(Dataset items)

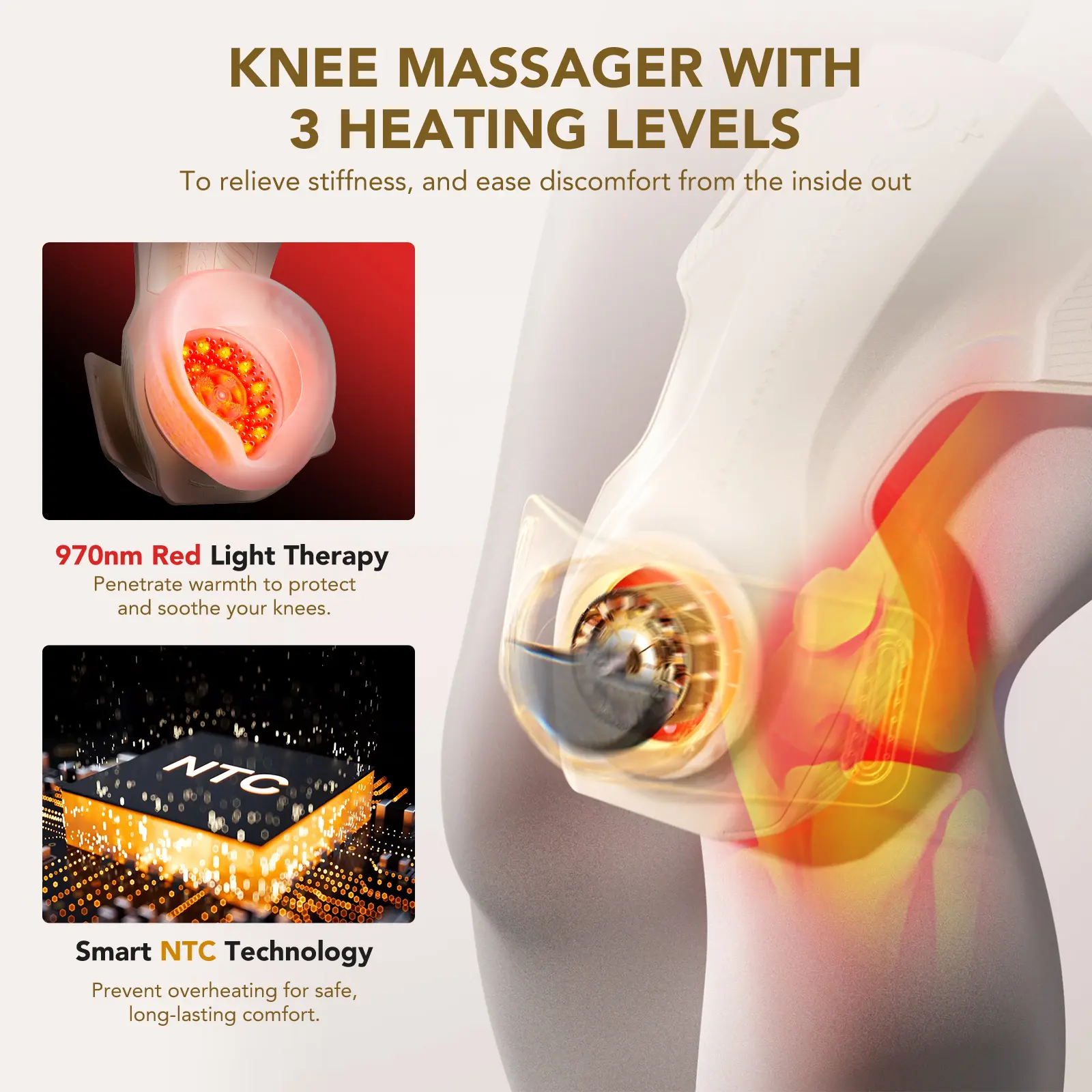 ·【Knee Massager with 3 Heating Levels】Equipped with a 970nm warming light, this knee massager delivers gentle, soothing heat to relax your knees. Choose from 3 adjustable levels (113°F/122°F/131°F) with fast 2-second warming. Designed to ease daily tension and support comfort, while the NTC smart sensor keeps the temperature stable to prevent overheating for safe, long-lasting use.
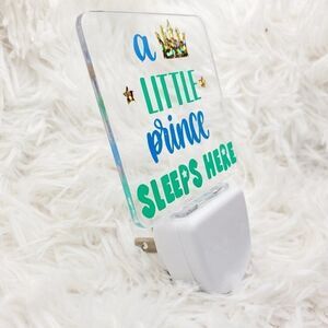 Are you expecting a new prince or princess in your life? Or maybe you already have a prince or princess. Do they need a light extra light in their room at night. Do you need a way to see them when you enter a dark room. This perfect plug in night light is everyone's dream. There are two available options. Option one: A little prince sleeps here, The letterings are blue and green accompanied by a gold crown and stars. Option 2: A little princess sleeps here, The letterings are a bright pink and purple accompanied by a gold crown and stars. This is the perfect amount of light for your little ones room.
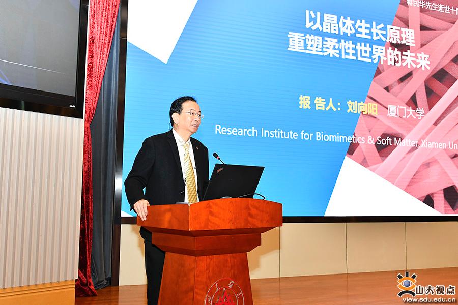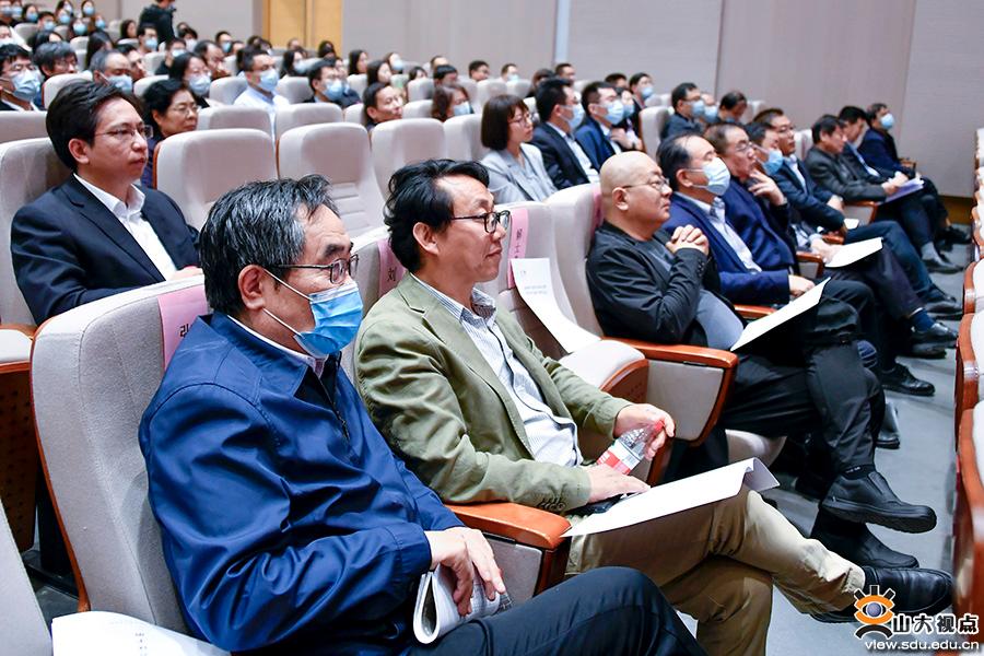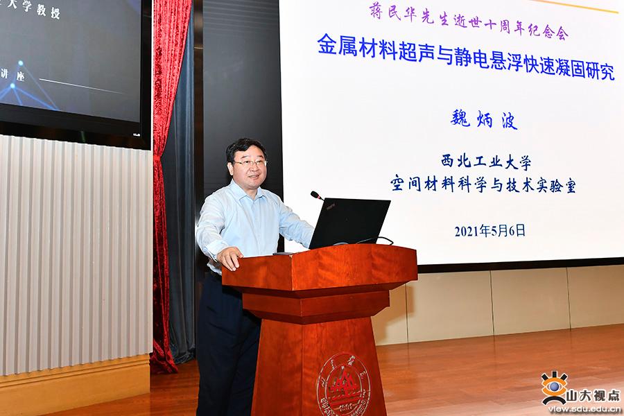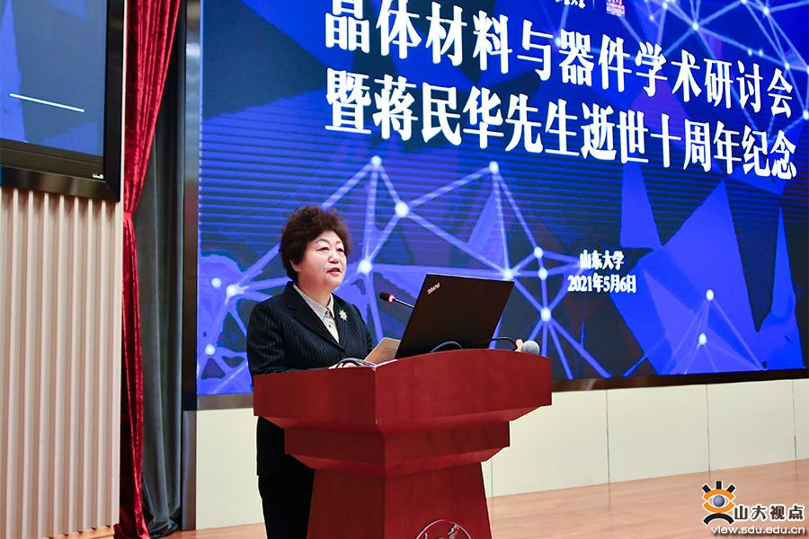 樊丽明指出,蒋民华先生是我国晶体材料领域的卓越开拓者之一,在国内外享有崇高声望。他扎根教学科研一线,用心执教、潜心育人、倾心科研,把毕生的精力和心血都奉献给了国家、奉献给了人民、奉献给了教育。他的一生,是爱国的一生、奋斗的一生、奉献的一生。蒋民华先生是老一辈科学家中的优秀代表,他怀着质朴的爱国主义情怀,凭借深厚的学术造诣,创造了非凡的工作业绩,为国家和人民作出了重要贡献,生动诠释了科学家精神的深刻内涵,以实际行动模范践行了“为天下储人才、为国家图富强”的办学宗旨,是值得全体山大人永远学习的楷模和榜样。我们要学习他胸怀祖国、服务人民的爱国精神,勇攀高峰、敢为人先的创新精神,甘为人梯、奖掖后学的育人精神。樊丽明强调,百廿山大正站在继往开来、赓续辉煌的历史新起点,我们要继承好、弘扬好蒋民华先生科技报国、忘我拼搏、勇攀高峰的精神,追求卓越,只争朝夕,争做立德树人的践行者、重大科研成果的创造者、科技自立自强的奉献者,为实现中华民族伟大复兴作出新的更大贡献。
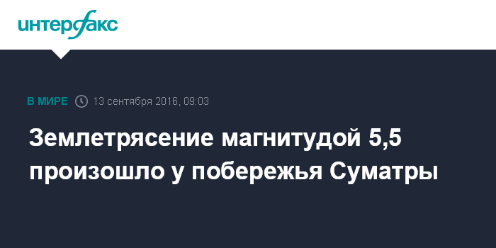 Землетрясение магнитудой 5,5 произошло у побережья Суматры
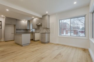 (Possibility to include appliances)Superb fully renovated main unit offering 4 bedrooms, 1 full bathroom, and 1 powder room. Modern kitchen with quartz countertops, new flooring, private entrance, laundry room, and 1 outdoor parking space (driveway). Prime location with easy access to all services. Spacious, bright, and move-in ready!
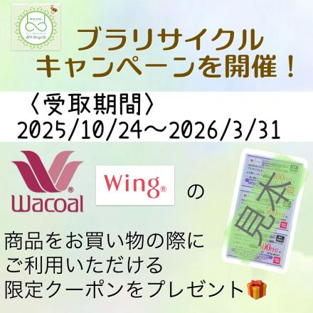 【3月末まで】ブラリサイクルを開催中… 直営 2階 ワコール・ウィングコーナーより「ブ… 4日前
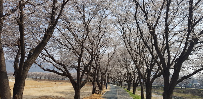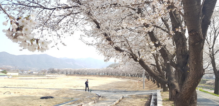 충북 괴산군 청안면 문방천 일대에 활짝 핀 벚꽃이 장관을 이루고 있다.
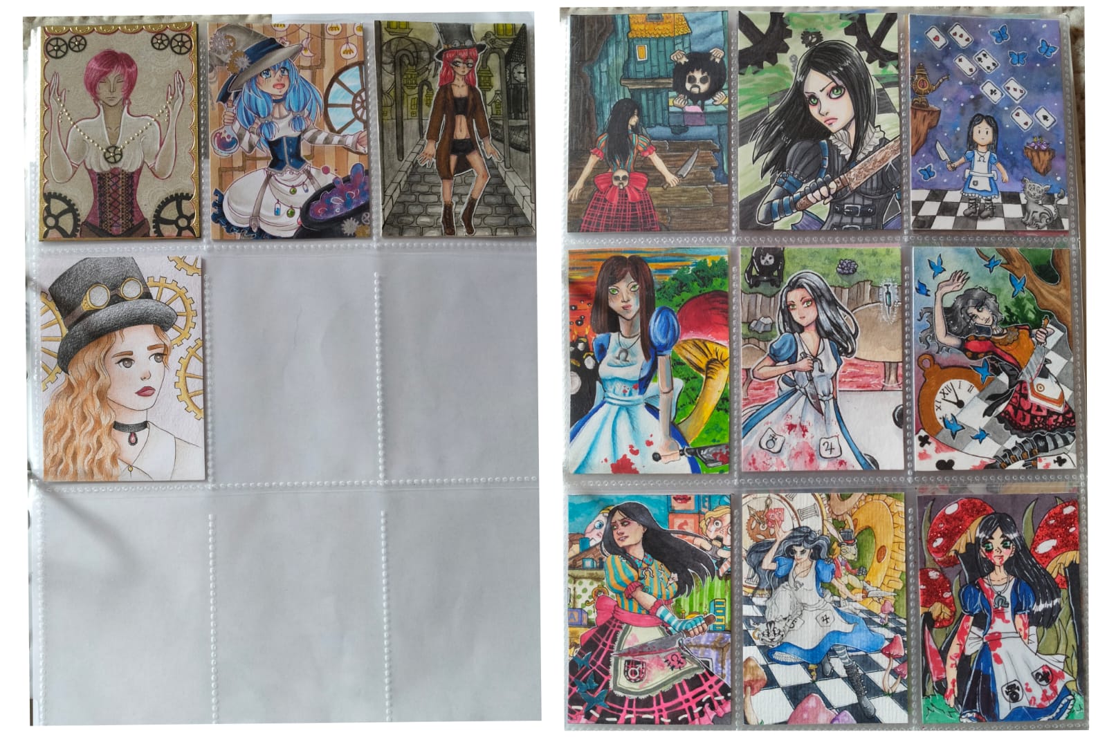 Ein paar Steampunk Karten und unsere Alice madness returns und Alice Im Wunderland Sammlung, außerdem ein paar Karten zum Thema Ever After High
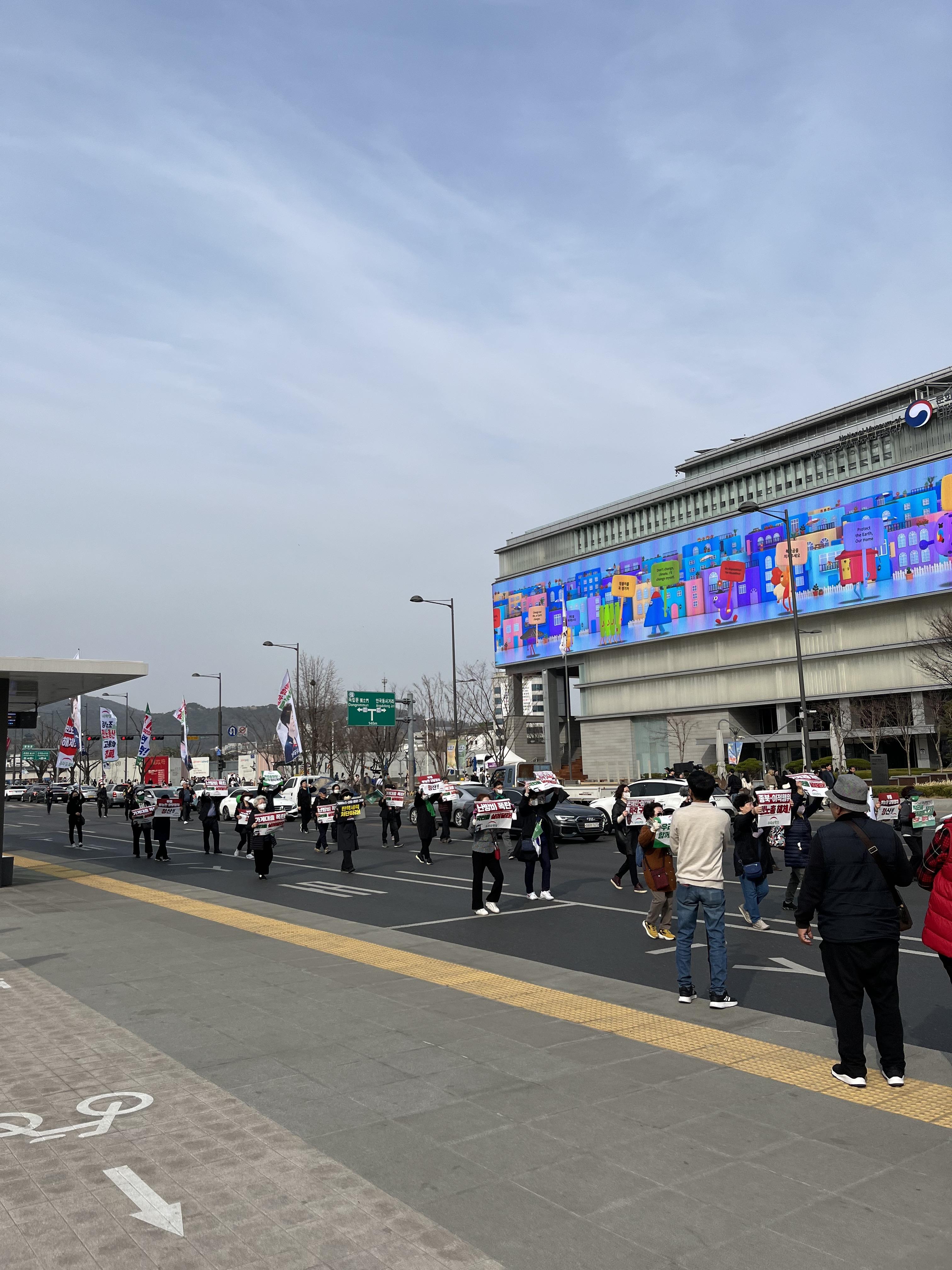 광화문에서 박근혜 석방 시위대를 만났다.
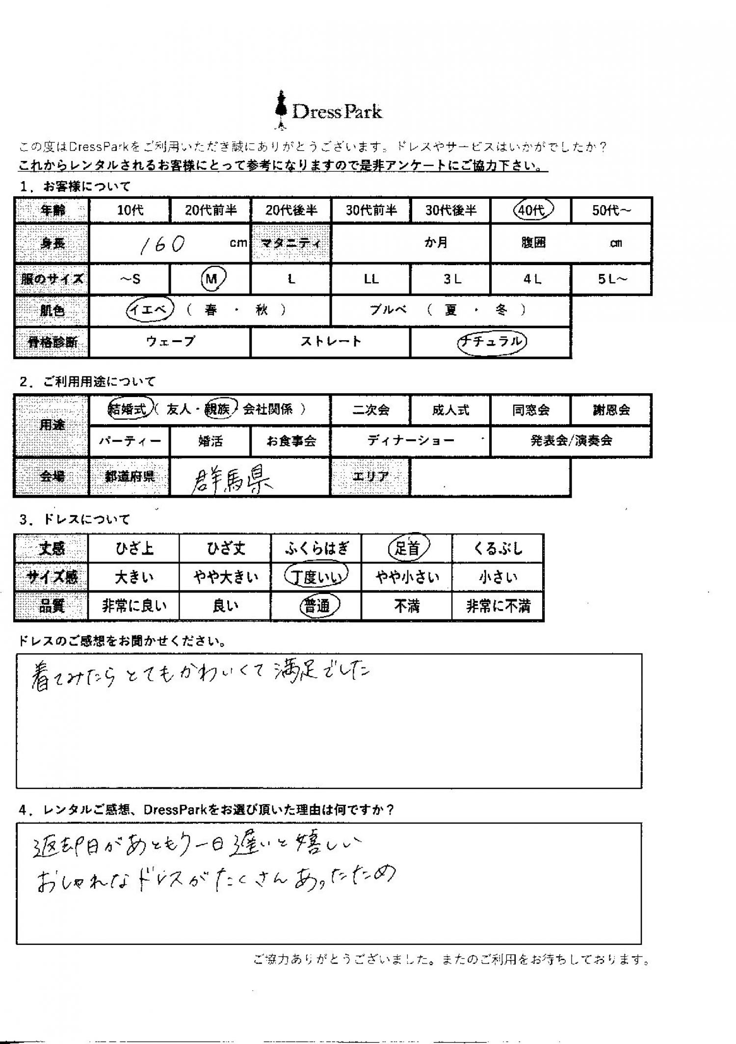 群馬県 C.M様160㎝ Mサイズ #40代#M/L#160~164㎝#結婚式(親族)#群馬県 ◆レンタルしたドレスはこちら ◆レンタルしたサイズは:M ◆レンタルした日付:2025/10/26 ドレスの着用感 ◆点数: (4点) ◆丈感:足首 ◆サイズ感:丁度いい ◆品質:普通 ◆肌色:イエベ ◆骨格診断:ナチュラル ドレスの感想 着てみたらとても可愛くて満足でした。 レンタルのご感想、DressParkをお選び頂いた理由 返却日があともう1日遅いと嬉しい。おしゃれなドレスがたくさんあったため。 CUSTOMER REVIEWS お客様の声 気になるカテゴリー別にご利用の感想をチェック! ◆AGE 年代で見る 10代 20代 30代 40代 50代~ ◆SIZE サイズで見る SS/S M/L 大きいサイズLL~ ◆HIGHT 身長で見る 140~149㎝ 150~154㎝ 155~159㎝ 160~164㎝ 165~169㎝ 170㎝以上 ◆マタニティ ~3か月 4~6か月 7~8か月 9~10か月 ◆肌色 イエベ ブルべ ◆骨格診断 ウェーブ ストレート ナチュラル ◆利用シーン 結婚式(友人) 結婚式(親族) 結婚式(会社関係) 二次会 成人式 謝恩会 パーティー その他 CUSTOMER REVIEWS都道府県別お客様の声 都道府県別にのお客様の声をチェック! 北海道 青森県 岩手県 宮城県 秋田県 山形県 福島県 茨城県 栃木県 群馬県 埼玉県 千葉県 東京都 神奈川県 新潟県 富山県 石川県 福井県 山梨県 長野県 岐阜県 静岡県 愛知県 三重県 滋賀県 京都府 大阪府 兵庫県 奈良県 和歌山県 鳥取県 島根県 岡山県 広島県 山口県 徳島県 香川県 愛媛県 高知県 福岡県 佐賀県 長崎県 熊本県 大分県 宮崎県 鹿児島県 沖縄県 CUSTOMER REVIEWSエリア別お客様の声 都道府県別にのお客様の声をチェック! 札幌 仙台 名古屋 軽井沢 金沢 神戸・芦屋 博多 那覇 梅田・新大阪 難波・心斎橋 鎌倉・湘南 横浜・みなとみらい 舞浜・浦安・幕張 大宮・浦和 青山・表参道 六本木・麻布 渋谷・恵比寿 新宿 池袋 銀座・丸の内 お台場・汐留 鹿児島市 郡山市 福島市 東予 甲府・石和 LINEでお問い合わせ このサイトではJavaScriptを使用しています
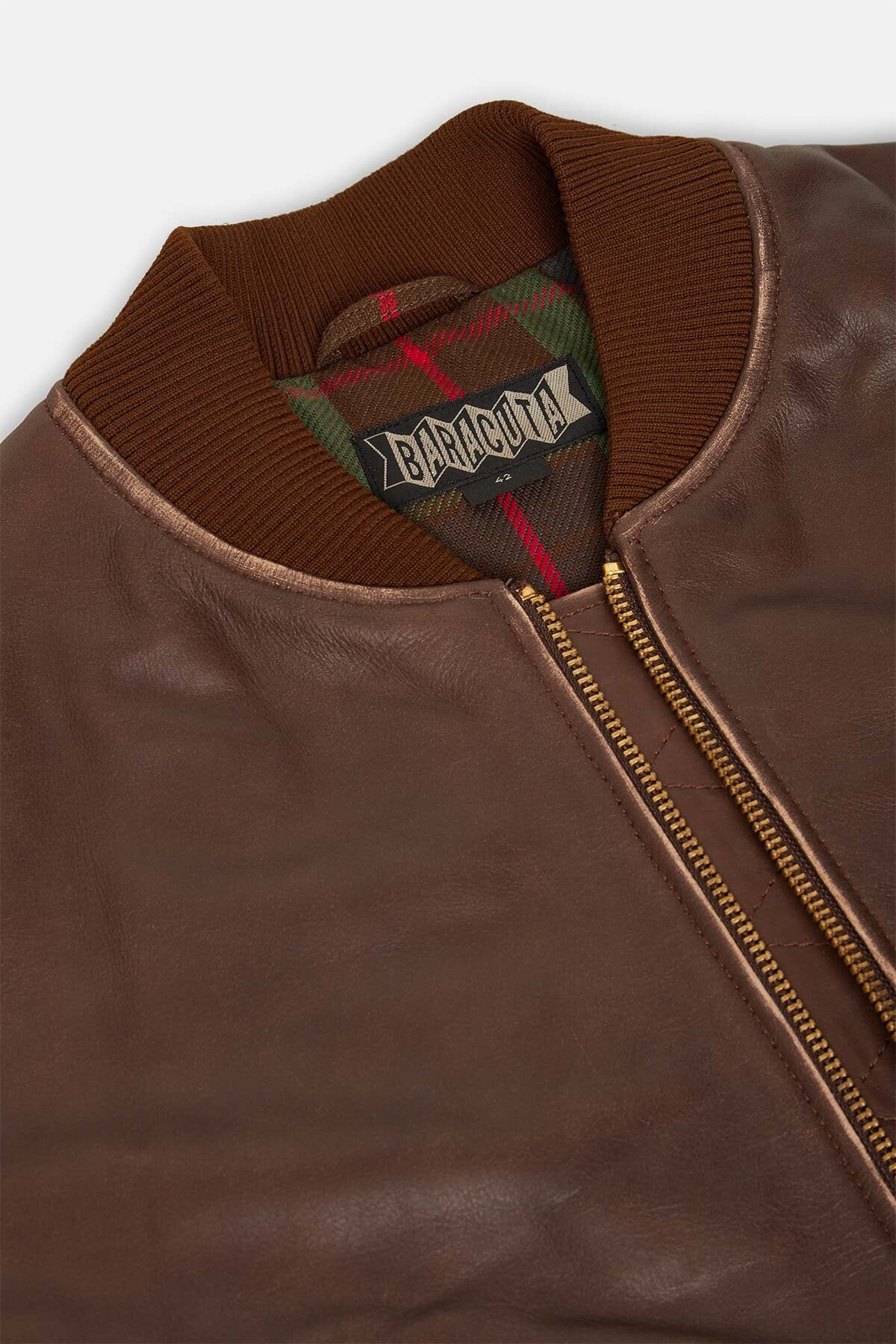 Die Leder-Fliegerjacke verbindet das klassische Erbe der Luftfahrt mit der zeitlosen Handschrift von Baracuta. Das Kleidungsstück ist aus hochwertigem Rindsleder gefertigt, hat eine auffällige Oversized-Passform und ist vollständig mit dem typischen Fraser-Tartan der Marke gefüttert, was ihr ein markantes britisches Flair verleiht. Rippstrick an Kragen, Ärmelbündchen und Bund bieten Struktur und Komfort, während der Zweiwege-Reißverschluss mit Logo und die schrägen Taschen mit Druckknopf für Funktionalität und Stil sorgen. Ein zeitloses Outerwear-Highlight – gemacht, um zu halten.
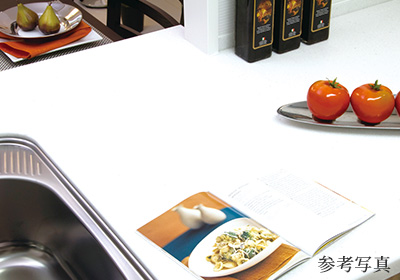 カウンタートップ- 華やかな印象にする人造大理石のカウンタートップ。毎日使うキッチンだから機能的でお手入れしやすく、キズに強いものを選びました。

Directions: The line containing "Die Leder-Fliegerjacke verbindet" and every line after it, through the end of the data, are to be output exactly. Omit the pictures.

Reply:
 Die Leder-Fliegerjacke verbindet das klassische Erbe der Luftfahrt mit der zeitlosen Handschrift von Baracuta. Das Kleidungsstück ist aus hochwertigem Rindsleder gefertigt, hat eine auffällige Oversized-Passform und ist vollständig mit dem typischen Fraser-Tartan der Marke gefüttert, was ihr ein markantes britisches Flair verleiht. Rippstrick an Kragen, Ärmelbündchen und Bund bieten Struktur und Komfort, während der Zweiwege-Reißverschluss mit Logo und die schrägen Taschen mit Druckknopf für Funktionalität und Stil sorgen. Ein zeitloses Outerwear-Highlight – gemacht, um zu halten.
 カウンタートップ- 華やかな印象にする人造大理石のカウンタートップ。毎日使うキッチンだから機能的でお手入れしやすく、キズに強いものを選びました。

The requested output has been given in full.